_TASK TO COMPLETE_
The listing below should be written out word for word, with its pictures removed.

_INPUT DATA_
"""

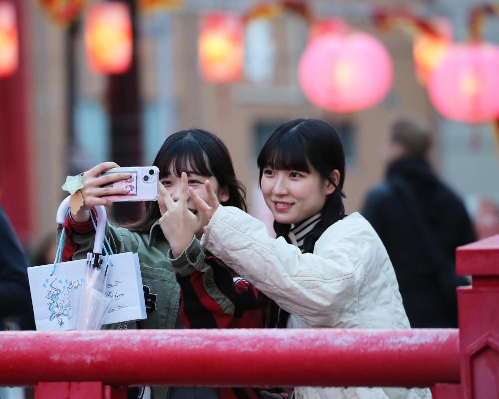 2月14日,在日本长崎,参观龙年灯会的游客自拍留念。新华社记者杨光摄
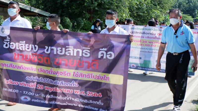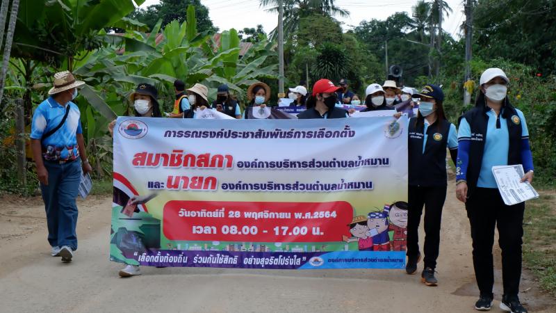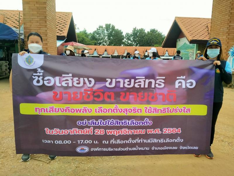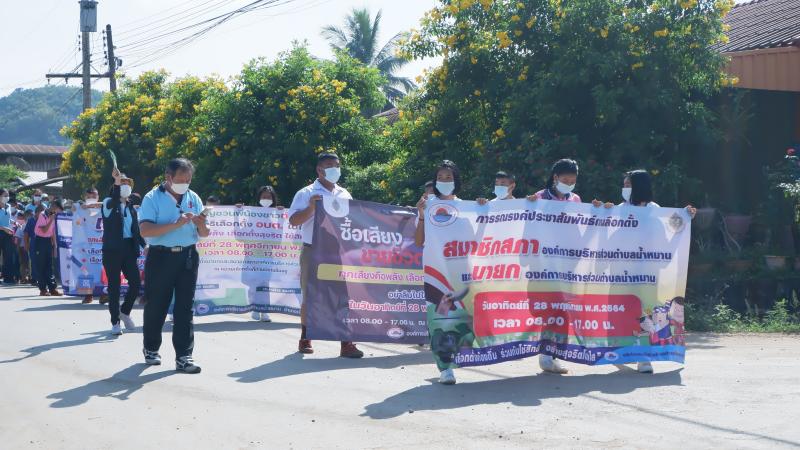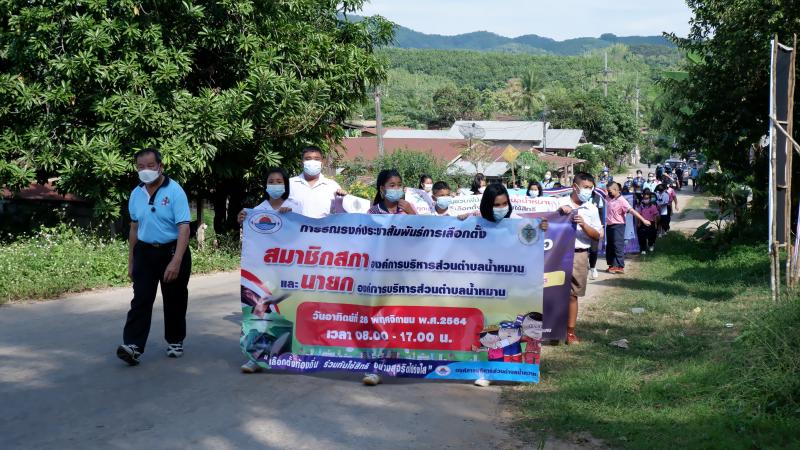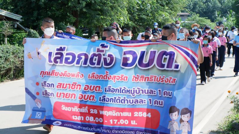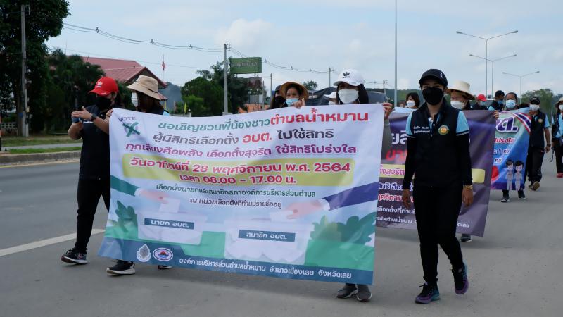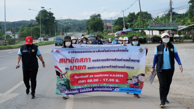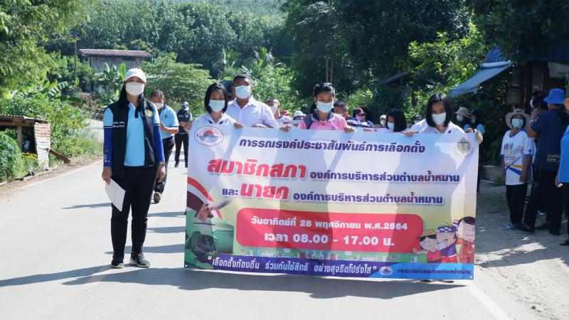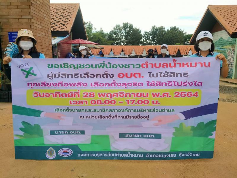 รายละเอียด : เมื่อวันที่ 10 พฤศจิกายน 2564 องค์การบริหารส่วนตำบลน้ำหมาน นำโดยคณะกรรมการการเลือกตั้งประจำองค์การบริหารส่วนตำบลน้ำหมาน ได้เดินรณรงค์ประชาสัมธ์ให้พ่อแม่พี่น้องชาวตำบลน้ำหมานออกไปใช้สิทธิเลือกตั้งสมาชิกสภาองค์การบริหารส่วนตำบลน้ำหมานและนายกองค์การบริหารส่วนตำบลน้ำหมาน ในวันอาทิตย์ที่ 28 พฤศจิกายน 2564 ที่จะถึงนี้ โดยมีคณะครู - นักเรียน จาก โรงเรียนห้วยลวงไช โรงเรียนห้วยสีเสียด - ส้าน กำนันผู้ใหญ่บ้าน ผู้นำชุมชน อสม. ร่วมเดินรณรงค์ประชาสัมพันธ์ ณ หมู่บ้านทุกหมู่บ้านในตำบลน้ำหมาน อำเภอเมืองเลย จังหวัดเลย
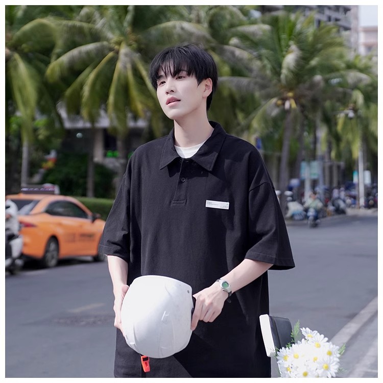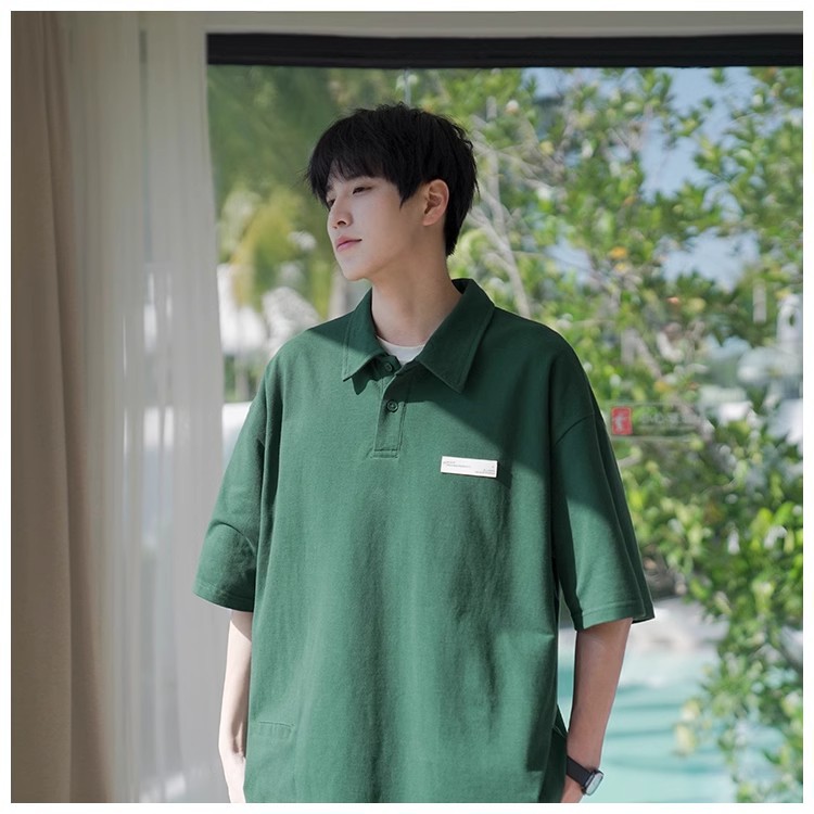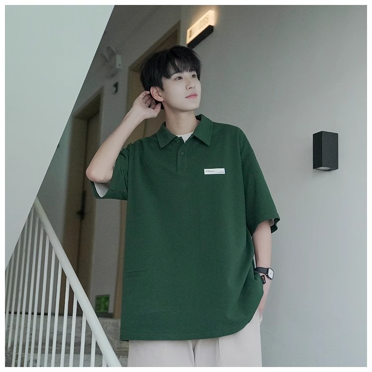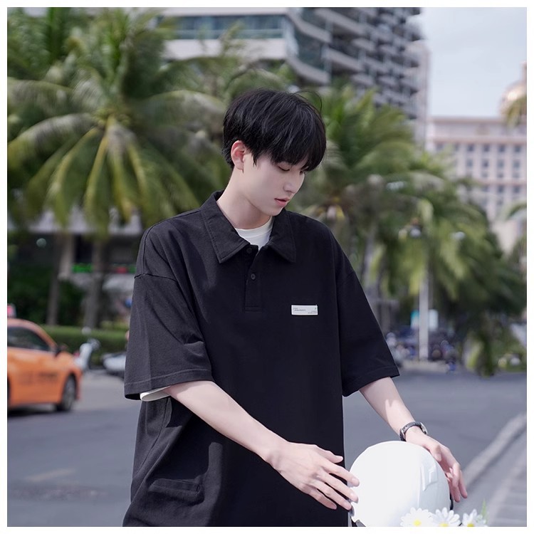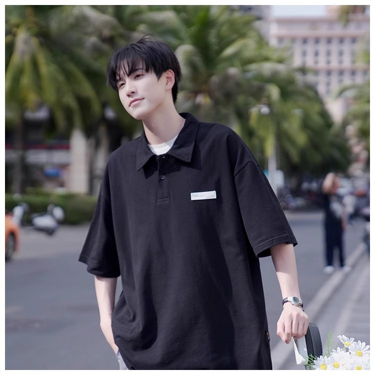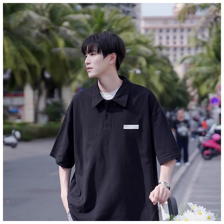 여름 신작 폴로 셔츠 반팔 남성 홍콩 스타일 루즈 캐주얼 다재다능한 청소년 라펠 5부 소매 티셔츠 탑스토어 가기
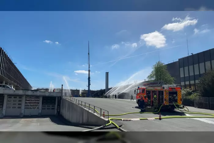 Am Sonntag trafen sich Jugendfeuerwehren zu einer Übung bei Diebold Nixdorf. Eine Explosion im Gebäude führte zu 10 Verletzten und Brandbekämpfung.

"""

_TASK OUTPUT_
 2月14日,在日本长崎,参观龙年灯会的游客自拍留念。新华社记者杨光摄
 รายละเอียด : เมื่อวันที่ 10 พฤศจิกายน 2564 องค์การบริหารส่วนตำบลน้ำหมาน นำโดยคณะกรรมการการเลือกตั้งประจำองค์การบริหารส่วนตำบลน้ำหมาน ได้เดินรณรงค์ประชาสัมธ์ให้พ่อแม่พี่น้องชาวตำบลน้ำหมานออกไปใช้สิทธิเลือกตั้งสมาชิกสภาองค์การบริหารส่วนตำบลน้ำหมานและนายกองค์การบริหารส่วนตำบลน้ำหมาน ในวันอาทิตย์ที่ 28 พฤศจิกายน 2564 ที่จะถึงนี้ โดยมีคณะครู - นักเรียน จาก โรงเรียนห้วยลวงไช โรงเรียนห้วยสีเสียด - ส้าน กำนันผู้ใหญ่บ้าน ผู้นำชุมชน อสม. ร่วมเดินรณรงค์ประชาสัมพันธ์ ณ หมู่บ้านทุกหมู่บ้านในตำบลน้ำหมาน อำเภอเมืองเลย จังหวัดเลย
 여름 신작 폴로 셔츠 반팔 남성 홍콩 스타일 루즈 캐주얼 다재다능한 청소년 라펠 5부 소매 티셔츠 탑스토어 가기
 Am Sonntag trafen sich Jugendfeuerwehren zu einer Übung bei Diebold Nixdorf. Eine Explosion im Gebäude führte zu 10 Verletzten und Brandbekämpfung.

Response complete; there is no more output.